Die Voraussetzungen einer stattgebenden Kammerentscheidung sind gegeben (§ 93 c Abs. 1 BVerfGG). Die angegriffenen Entscheidungen verletzen den Beschwerdeführer in seinem Grundrecht aus Art. 2 Abs. 1 GG.
Die gegenüber dem Beschwerdeführer verfügte Fahrerlaubnisentziehung und die darauf bezogenen, mit der vorliegenden Verfassungsbeschwerde angegriffenen Gerichtsentscheidungen enthalten einen verfassungswidrigen Eingriff in den Schutzbereich des Grundrechts der allgemeinen Handlungsfreiheit (Art. 2 Abs. 1 GG). Denn allein aus der einmaligen Feststellung, dass der Beschwerdeführer unerlaubt eine kleine Menge Haschisch besessen hat, ergab sich kein hinreichend konkreter Gefahrenverdacht und somit kein berechtigter Anlass, die Fahreignung des Beschwerdeführers nach § 15 b Abs. 2 StVZO zu überprüfen. Seine Weigerung, sich der geforderten Begutachtung zu stellen und die mit ihr verbundene Beeinträchtigung seines allgemeinen Persönlichkeitsrechts hinzunehmen, durfte im Fahrerlaubnisentziehungsverfahren daher nicht zu seinen Lasten gewürdigt werden.
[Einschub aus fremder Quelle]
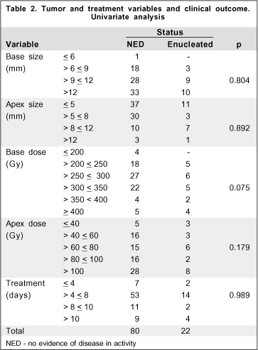 MÉTODOS: Foram avaliados 108 pacientes tratados consecutivamente de janeiro de 1995 a junho de 1999, com idade mediana de 55,5 anos, diâmetro da base do tumor e altura máximos 9,75 mm e 5 mm, respectivamente. As doses na base do tumor, incluindo 1 mm de esclera variaram de 157 a 487 Gy (mediana 284,5 Gy) e para o ápice de 37 até 220 Gy (mediana 106 Gy).

Dies ist jedoch geschehen. Zur weiteren Begründung wird auf den beigefügten Abdruck des Beschlusses der Kammer vom 20. Juni 2002 – 1 BvR 2062/96 – Bezug genommen.
Die angegriffenen Gerichtsentscheidungen, mit denen die Fahrerlaubnisentziehungsverfügung der Verkehrsbehörde vom 11. Mai 1995 bestätigt worden ist, beruhen auf der festgestellten Grundrechtsverletzung. Die Entscheidungen sind daher aufzuheben (§ 95 Abs. 2 BVerfGG). Da die angegriffenen Entscheidungen keinen Bestand haben, braucht der Frage nicht nachgegangen zu werden, ob mit ihnen auch gegen den allgemeinen Gleichheitssatz (Art. 3 Abs. 1 GG) verstoßen worden ist.
Die Sache ist gemäß § 95 Abs. 2 BVerfGG an das Verwaltungsgericht zurück zu verweisen.
Die Entscheidung über die Auslagenerstattung beruht auf § 34 a Abs. 2 BVerfGG, die Festsetzung des Werts des Gegenstands der anwaltlichen Tätigkeit auf § 113 Abs. 2 Satz 3 BRAGO in Verbindung mit den durch das Bundesverfassungsgericht hierzu entwickelten Grundsätzen (vgl. BVerfGE 79, 357 ≪361 ff.≫; 79, 365 ≪366 ff.≫).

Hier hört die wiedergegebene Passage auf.